Debt financing availability significantly impacts the scale of private equity activity and influences market valuations. Private equity funds operate as "buy-to-sell" investors, focusing on acquiring, adding value, and strategically exiting investments within the fund's lifespan.
Proper exit planning plays a critical role in realizing value. Continuously valuing the investment portfolio poses challenges as market values are not readily observable, necessitating subjective judgment.
The primary performance metrics for private equity funds are internal rate of return (IRR) and multiples, but comparing returns across funds and asset classes requires careful consideration of factors such as cash flow timing, risk differences, portfolio composition, and vintage-year effects.
Fundamental analysis relies on industry and company analysis, which involve various approaches to forecasting income and expenses. These approaches include top-down, bottom-up, and hybrid methods. Top-down approaches start at the macroeconomic level, while bottom-up approaches focus on individual companies or business segments. Hybrid approaches combine elements of both.
When it comes to revenue forecasting, analysts can use different techniques. One approach involves forecasting the growth rate of nominal GDP and the industry/company's growth relative to GDP growth. Another method combines forecasts of market growth with predictions of the company's market share in specific markets.

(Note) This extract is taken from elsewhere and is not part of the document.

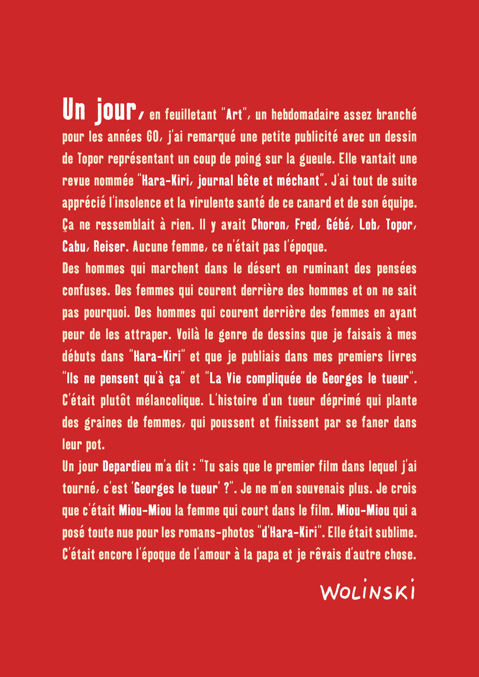 Wolinski est un fabuleux observateur de notre société qui sévit dans la presse française depuis ses premières armes dans "Hara-Kiri". Phallocrate autoproclamé, il a fait des relations hommes / femmes le fil conducteur de son travail, que ce soit dans "Charlie Hebdo" ou dans "L’Écho des Savanes". Il nous offre ici un panorama complet, ordonné par présidence (car sexe et politique ont partie liée !), de l’évolution des mœurs de notre société sur les 50 dernières années, de De Gaulle à Sarkozy en passant par Pompidou, Giscard, Mitterrand et Chirac. Depuis les années 60, où le mariage était encore de rigueur et les tabous nombreux, à nos années 2000 où le sexe est porté en étendard et où la capote, le mariage gay ou la condition féminine ont été discutés à l’Assemblée, Wolinski porte un regard tendre et mordant sur ce thème qui nous concerne tous.

Positive correlations between operating margins and sales indicate economies of scale within an industry. Certain items on the balance sheet, such as retained earnings, are directly influenced by the income statement, while accounts receivable, accounts payable, and inventory closely relate to income statement projections. Efficiency ratios are commonly utilized to model working capital accounts.
Return on invested capital (ROIC) is a profitability metric that considers taxes and compares net operating profit to the difference between operating assets and liabilities. Sustained high levels of ROIC often suggest a competitive advantage.
Competitive factors affect a company's ability to negotiate input prices with suppliers and adjust product or service prices. Porter's five forces framework helps identify these factors. Inflation or deflation impacts pricing strategies, taking into account industry structure, competitive forces, and consumer demand characteristics.
When a new technological development introduces a product that may impact the demand for existing products, analysts can estimate the effect by combining a unit forecast for the new product with an expected cannibalization factor.
The choice of the explicit forecast horizon depends on factors such as the projected holding period, portfolio turnover, industry cyclicality, company-specific considerations, and employer preferences.
Analyst forecasts can be influenced by behavioral biases like overconfidence, the illusion of control, conservatism, representativeness, and confirmation bias. These biases can have an impact on the accuracy of the forecasts.